SIFF Wraps 52nd Edition With ‘Edie Arnold is a Loser,’ ‘Mārama’ Taking Top Honors
'Edie Arnold is a Loser' SIFF

The 52nd Seattle International Film Festival (SIFF) wrapped its 11-day run on Sunday, concluding its run of 71 narrative features, 34 docs, and 98 shorts with an awards ceremony at The Vera Project. The fest handed out its juried prizes alongside the audience-voted Golden Space Needle Awards, capping off a competitive lineup that heavily favored new independent talent.

On the audience side, the crowd-pleaser Edie Arnold is a Loser, directed by Megan Rico and Kade Atwood, took home the coveted Golden Space Needle Award for Best Film. Meanwhile, Ildikó Enyedi scored the Best Director trophy for her helming of Silent Friend, and Indy Navarrette snagged Best Performance for the buzzy thriller Obsession, a title that also scooped up the Seattle Film Critics Society Award. JJ Gerber’s The Life We Leave scored top honors as Best Documentary, while Sara Joe Wolansky’s The Big Cheese secured the Lena Sharpe Award for Persistence of Vision, given to the festival’s top audience-voted film directed by a woman.

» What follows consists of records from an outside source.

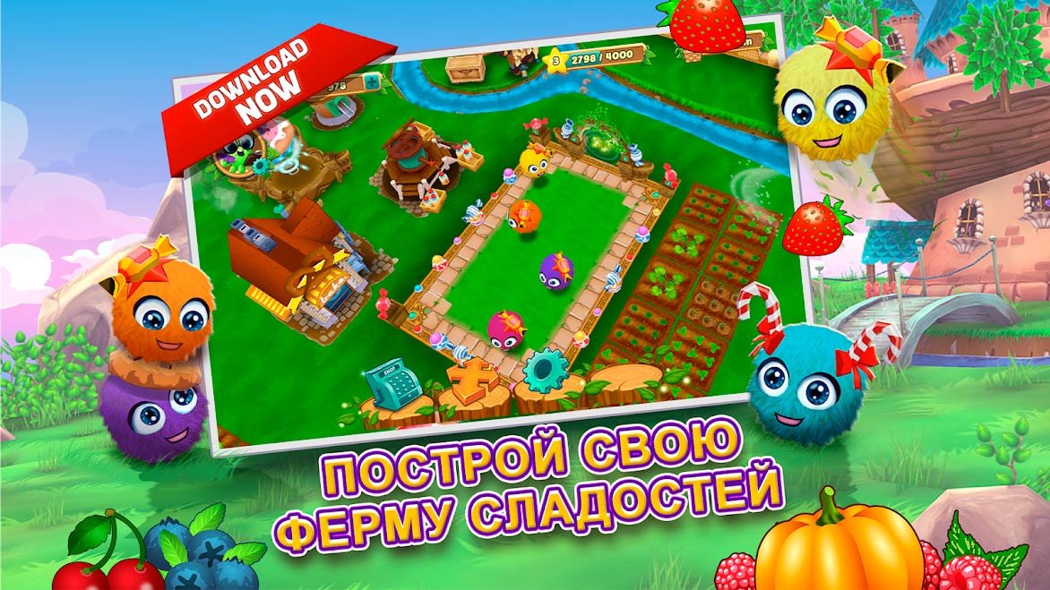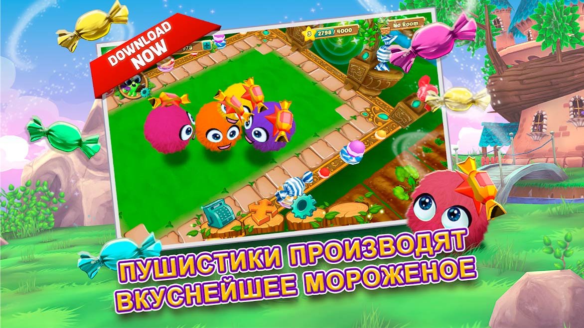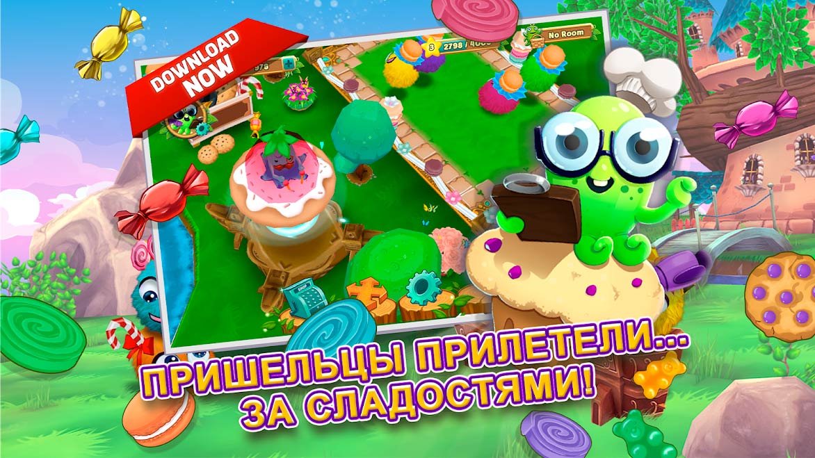 Начинайте свое знакомство с красивыми и оригинальными персонажами этой сладкой истории. Здесь вы встретитесь с милыми и забавными персонажами, которых называют флуффиками. Они будут постоянно рядом и объяснят, как поступать в трудных уровнях. Без таких хороших помощников ваша игра могла бы не сложиться. Начинайте собирать большую коллекцию из сладостей и отправляйте их в свою коллекцию. Игроку обязательно понравится эта очаровательная атмосфера и красивая графика в объемном стиле. Ежедневно игроки смогут производить огромное количество новых продуктов, а потом продавать их для инопланетян. Эти персонажи будут у вас гостей очень часто и им нужны ваши качественные вкусные продукты.Информация об игре
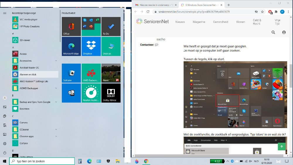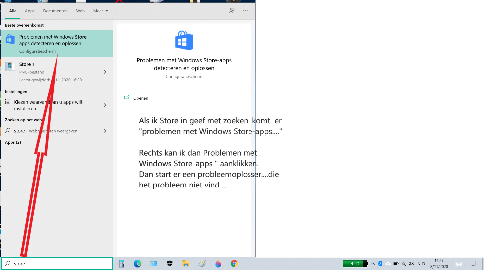 Met de zoekfunctie, de zoekbalk of vergrootglas. Typ 'store' in en wat zie ik?
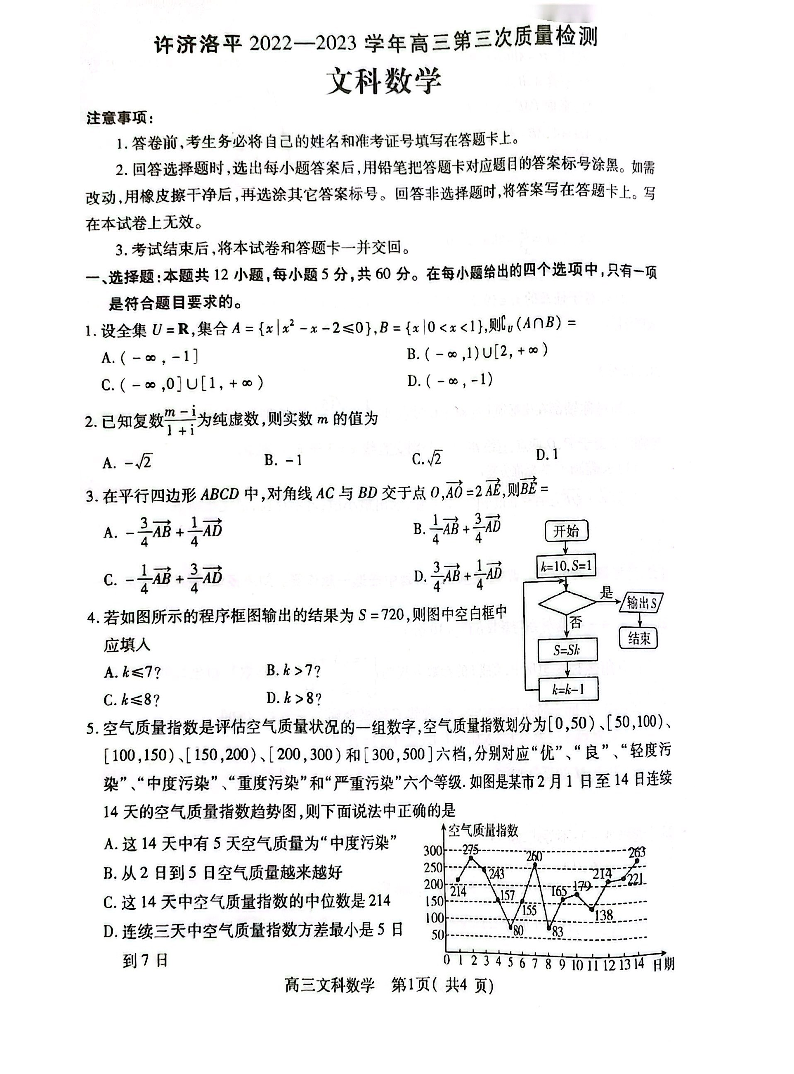 【全国乙卷】2023届河南省许济洛平四市高三第三次质量检测文数试卷
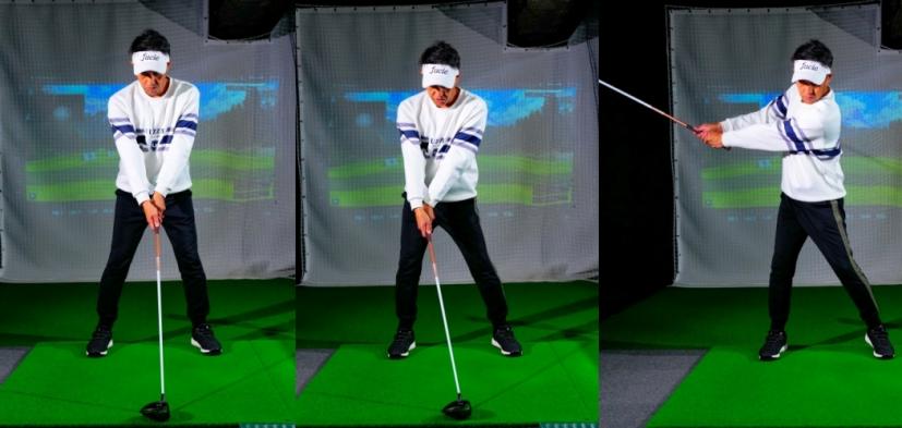 「足の裏で地面を踏むことで、クッとヒザまで力が入り、バックスイングの下半身の形が確定。『二』でクラブを上げても土台ができているからズレることもない」(内海プロ)
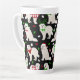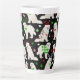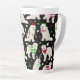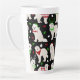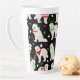 De mignons chiens des Grands Pyrénées habillés de tenues de vacances festives, de chapeaux de Père Noël et de chandails de Jacquard avec motif de décorations de Noël éparpillées.

The juried competitions, which carry a $5,000 cash prize, gave several indie titles a boost in their hunt for U.S. distribution. In the Official Competition, Taratoa Stappard’s Māori gothic thriller Mārama took home the Grand Jury Prize. Over in the New Directors sidebar, Tribeny Rai’s Shape of Momo won top honors for its naturalistic exploration of female agency.

The New American Cinema Jury awarded its top prize to Lloyd Lee Choi’s gig-economy drama Lucky Lu, while Ramzi Bashour’s road-trip feature Hot Water took home the inaugural Dan Ireland Prize, pocketing $3,000. On the non-fiction front, Janay Boulos and Abd Alkader Habak’s wartime romance Birds of War secured the Documentary Grand Jury Prize. In the Ibero-American Competition, Joaquín del Paso’s migrant drama The Garden We Dreamed walked away with the top jury prize.